Het EK cross voor beloften stond bol van het spektakel. Nederland was zeker van goud, tot Pim Ronhaar (21) instortte. Thibau Nys (19) was al na één ronde uitgeteld, tot hij plots uit de doden verrees. En Emiel Verstrynge (20) leek weer de man van ‘net niet’ te worden, maar kon uiteindelijk “een jaar frustratie” van zich afgooien. “Wat een dag!”

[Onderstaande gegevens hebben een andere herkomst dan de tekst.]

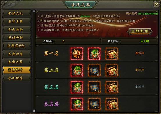 活动说明:活动期间,消费达到300000钻石的玩家参与排行,排名前三的玩家可获得高阶武器箱、魂级生肖宝箱等奖励,奖励在活动结束后以邮件的方式进行发放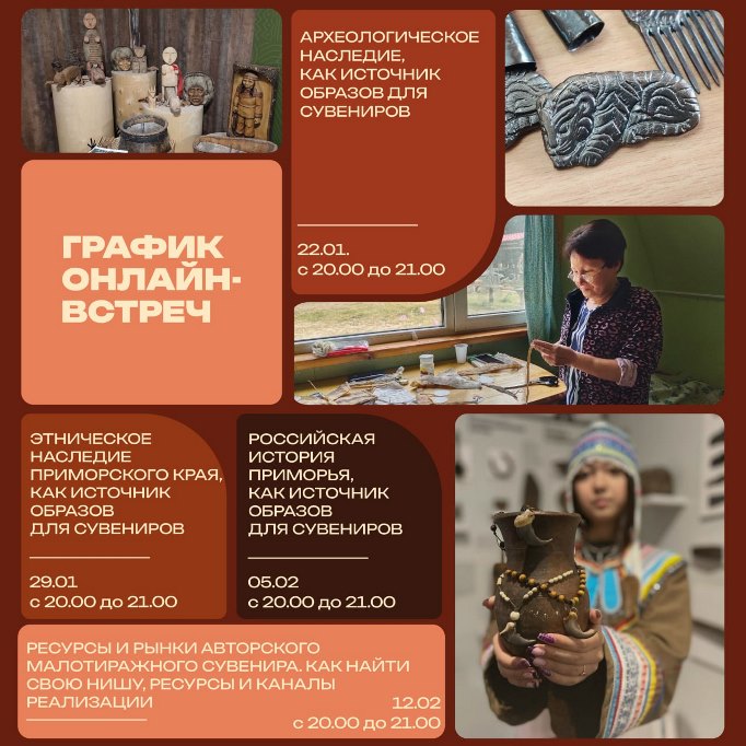 Эксперты — историки, этнографы и опытные мастера — раскроют темы археологического, этнического и исторического наследия региона как источника для создания сувениров, а также расскажут о ресурсах и рынках сбыта. После каждого вебинара в Telegram-канале проекта будут организованы консультации. Для участия в вебинарах и конкурсе необходима регистрация по ссылкам: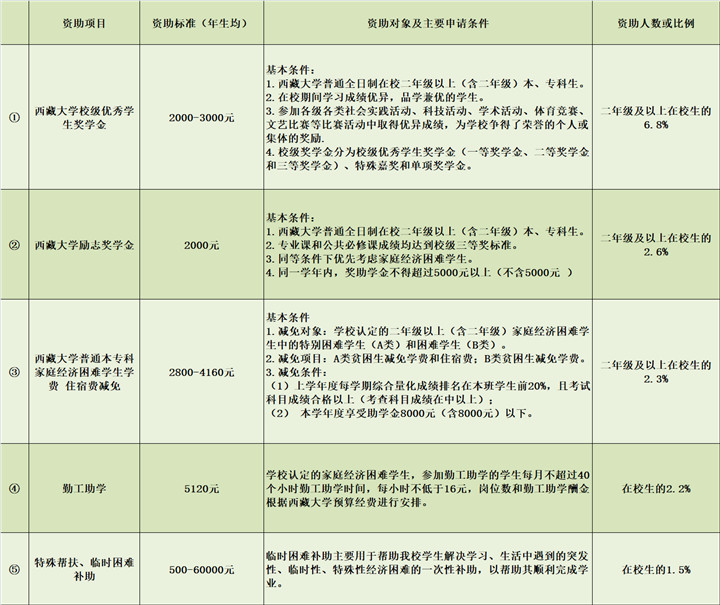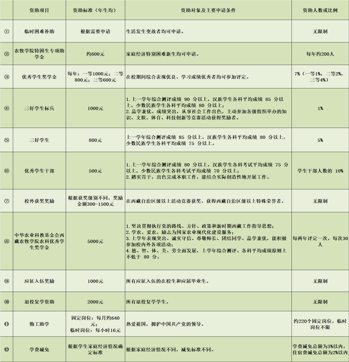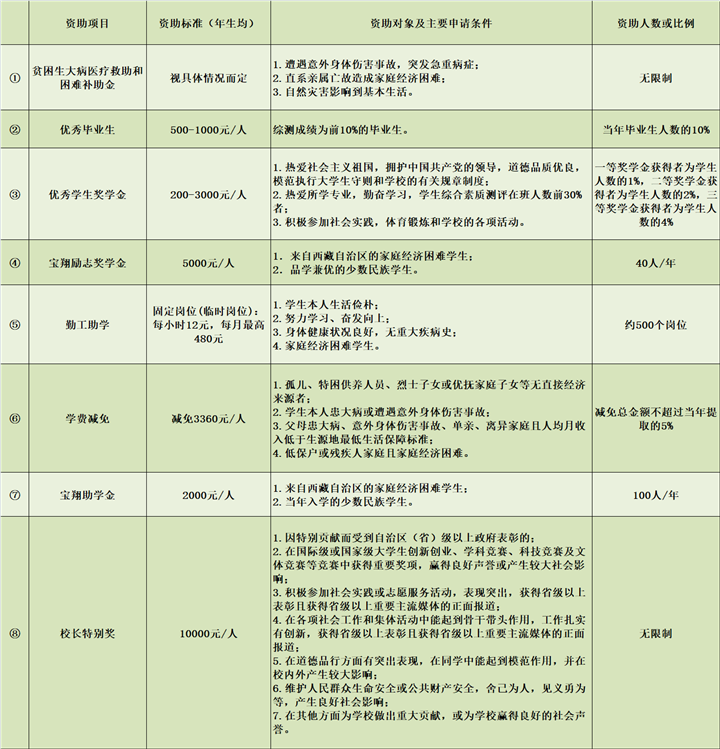 這些資助項(xiàng)目包括國(guó)家政策、西藏自治區(qū)政策和西藏各高校的政策,全部列出了明確的申請(qǐng)條件,涵蓋了學(xué)生生活、學(xué)習(xí)的方方面面。其中,有的項(xiàng)目針對(duì)家庭經(jīng)濟(jì)困難的學(xué)生給予學(xué)費(fèi)、住宿費(fèi)等的減免;有的項(xiàng)目為學(xué)生提供各種校內(nèi)勤工助學(xué)機(jī)會(huì),讓學(xué)生通過(guò)勞動(dòng)獲得報(bào)酬;有的項(xiàng)目獎(jiǎng)勵(lì)入伍,有的項(xiàng)目獎(jiǎng)勵(lì)發(fā)明創(chuàng)造……并且,西藏各高校在制定資助政策時(shí)體現(xiàn)出了各學(xué)校鮮明的辦學(xué)特點(diǎn)。例如,西藏藏醫(yī)藥大學(xué)設(shè)置了面向所有學(xué)生的“記誦《三部醫(yī)典》獎(jiǎng)”,要求“熱愛(ài)社會(huì)主義祖國(guó),擁護(hù)中國(guó)共產(chǎn)黨的領(lǐng)導(dǎo);遵紀(jì)守法,遵守學(xué)校規(guī)章制度;背誦學(xué)生按‘三部醫(yī)典’章節(jié)順序依次背誦。在背誦過(guò)程中,要吐字清晰,聲音宏亮,總時(shí)間不能超過(guò)2個(gè)小時(shí)。”凡是達(dá)到要求的學(xué)生,獎(jiǎng)勵(lì)1800元。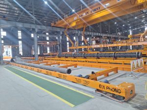 Con lăn chuyển cọc là thiết bị trung chuyển cọc bê tông từ trong xưởng sản xuất ra bãi chứa thành phẩm.

“Eindelijk.” Emiel Verstrynge gooide het er met een zucht uit, helemaal op het einde van zijn interviewronde in Namen. “Eindelijk kan ik Amerika vergeten”, zei de kersverse Europese beloftenkampioen. Fayetteville, daar verwees hij naar. Een klein jaar geleden moest Verstrynge vrede nemen met zilver op het WK in Amerika: hij was toen wellicht de beste man in koers, maar zat gevangen in het ploegenspel en het goud ging naar ploegmaat Joran Wyseure. “Daar heb ik heel lang mee rondgelopen”, zei Verstrynge, terwijl hij (onbewust?) over zijn gouden EK-medaille streelde. “Ik heb er vorige week nóg aan gedacht. Maar nu ga ik het kunnen loslaten.”
De frustratie was deze keer voor Thibau Nys. Na een sterke start reed die aan het begin van de tweede ronde lek. De leider van de wedstrijd werd langs alle kanten gepasseerd. Plots zat de topfavoriet op meer dan een halve minuut. Zijn wedstrijd leek voorbij, maar Nys toonde zich moedig. Hij bleef vechten en duwen, hij reed naar plek vijf, kreeg uitzicht op brons, streed mee voor zilver en stak zelfs nog de hand uit naar goud. Maar de climax kwam er net niet: het bleef bij een knappe maar ondankbare tweede plaats. “Ik heb gedaan wat ik kon, ik nam de koers in handen, maar dan reed ik plat. Daarna was het een hele lange achtervolging. Ik kom nog op 6 seconden, meer kon ik niet doen.”